The pointer is a modifier to the type. It's best to read them right to left in order to better understand how the asterisk modifies the type. 'int *' can be read as "pointer to int'. In multiple declarations you must specify that each variable is a pointer or it will be created as a standard variable.
1,2 and 3) Test is of type (int *). Whitespace doesn't matter.
4,5 and 6) Test is of type (int *). Test2 is of type int. Again whitespace is inconsequential.
我一直更喜欢这样声明指针:
我读到这个是说“
i
is of type int-pointer”。 如果每次声明只声明一个变量,则可以摆脱这种解释。然而,令人不安的事实是,这种解读是错误的。 《C 编程语言》第二版(第 94 页)解释了相反的范例,即 C 标准中使用的范例:
因此,根据 C 语言的推理,当您声明
没有声明两个
int*
类型的变量时,您将引入两个计算结果为int
类型的表达式,不附加内存中int
的分配。编译器非常乐意接受以下内容:
因为在 C 范例中,编译器只需要跟踪
*ip
和i< 的 type /代码>。 程序员应该了解
*ip
和i
的含义。 在这种情况下,ip
未初始化,因此程序员有责任在取消引用它之前将其指向有意义的内容。I have always preferred to declare pointers like this:
I read this to say "
i
is of type int-pointer". You can get away with this interpretation if you only declare one variable per declaration.It is an uncomfortable truth, however, that this reading is wrong. The C Programming Language, 2nd Ed. (p. 94) explains the opposite paradigm, which is the one used in the C standards:
So, by the reasoning of the C language, when you declare
you are not declaring two variables of type
int*
, you are introducing two expressions that evaluate to anint
type, with no attachment to the allocation of anint
in memory.A compiler is perfectly happy to accept the following:
because in the C paradigm, the compiler is only expected to keep track of the type of
*ip
andi
. The programmer is expected to keep track of the meaning of*ip
andi
. In this case,ip
is uninitialized, so it is the programmer's responsibility to point it at something meaningful before dereferencing it.一个好的经验法则是,很多人似乎通过以下方式掌握这些概念:在 C++ 中,许多语义是通过关键字或标识符的左绑定派生的。
举个例子:
const适用于“int”这个词。 指针的星号也是如此,它们适用于它们左边的关键字。 实际的变量名称是什么? 是的,这是由剩下的部分声明的。

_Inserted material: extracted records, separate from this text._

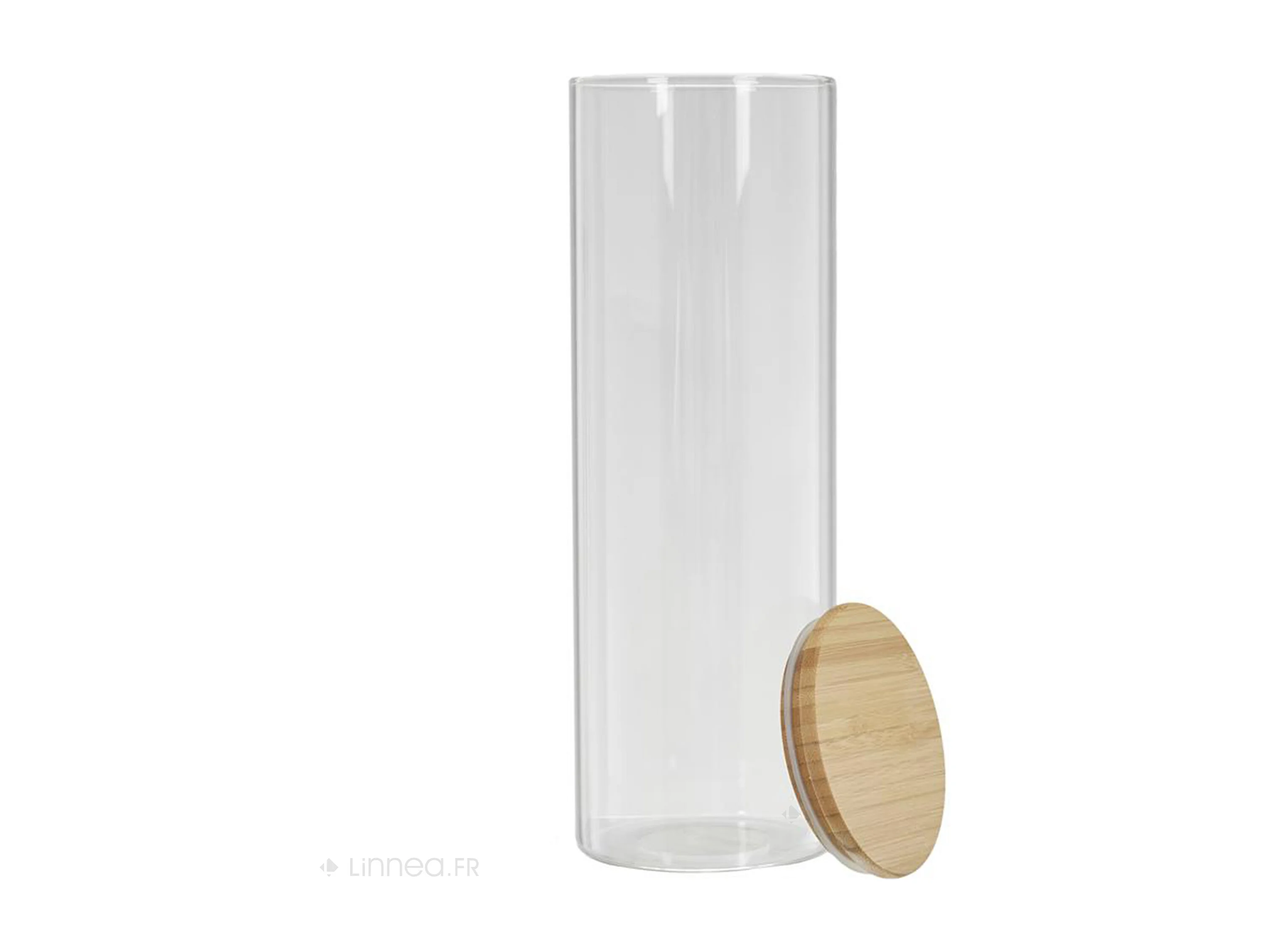 Bocal Verre Couvercle Acacia H 23cm Transparent, Marron
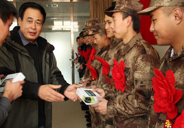 王大军主任代表学院向新兵赠送纪念品
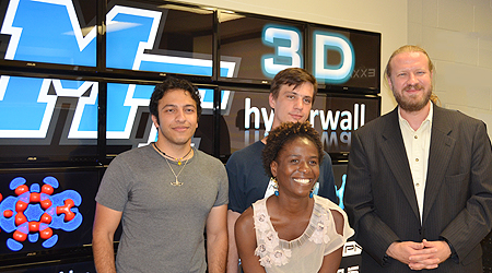 MT 3-D hyperwall grand-opening presenters Julian Harbehband, left, Olukemi "Kemi" Jolayemi, front, and Chris Irwin are joined by Dr. Anatoliy Volkov at the VizLab unveiling. Presenter J.J. Lay is not pictured. (MTSU photos by News and Media Relations)
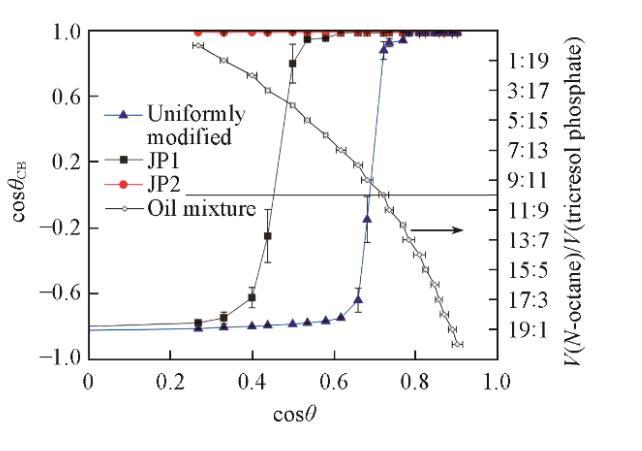 放置在靜止液體表面的顆粒的潤(rùn)濕行為由圖5示出。隨著液體表面張力的增加,從光滑的氟碳鏈覆蓋的表面獲得的cosθ值同時(shí)增大,液體頂部的表面出現(xiàn)明顯的不溶顆粒。這種顆粒不潤(rùn)濕的情況與顆粒形成粗糙表面測(cè)量的結(jié)果具有相關(guān)性。干燥的顆粒以蓬松狀態(tài)直接向油相傾倒,如果在油相表面能形成足夠強(qiáng)壯的、由顆粒組成的亞穩(wěn)態(tài)Cassie-Baxter狀態(tài),那么疏油表面將會(huì)形成,并阻止其它顆粒接觸油相,宏觀表現(xiàn)為顆粒不潤(rùn)濕。相反,如果油相表面由顆粒組成的亞穩(wěn)態(tài)Cassie-Baxter狀態(tài)魯棒性不足,在手動(dòng)振蕩或重力作用下,顆?;蝾w粒團(tuán)聚體接觸油相并浸沒(méi)在油相中。亞穩(wěn)態(tài)魯棒性與顆粒表面材料潤(rùn)濕角密切相關(guān),即不同類型的顆粒具有明顯不同的潤(rùn)濕轉(zhuǎn)折點(diǎn)。JP1潤(rùn)濕性轉(zhuǎn)折點(diǎn)位于均勻修飾顆粒右側(cè),JP2沒(méi)有發(fā)現(xiàn)潤(rùn)濕轉(zhuǎn)折點(diǎn)。這與顆粒上接枝的烷烴鏈數(shù)量有關(guān)。JP2上盡管存在氟碳鏈,但由于烷烴鏈覆蓋的面積太大,使顆粒整體表現(xiàn)出強(qiáng)烈的親油性。

A good rule of thumb, a lot of people seem to grasp these concepts by: In C++ a lot of semantic meaning is derived by the left-binding of keywords or identifiers.
Take for example:
The const applies to the "int" word. The same is with pointers' asterisks, they apply to the keyword left of them. And the actual variable name? Yup, that's declared by what's left of it.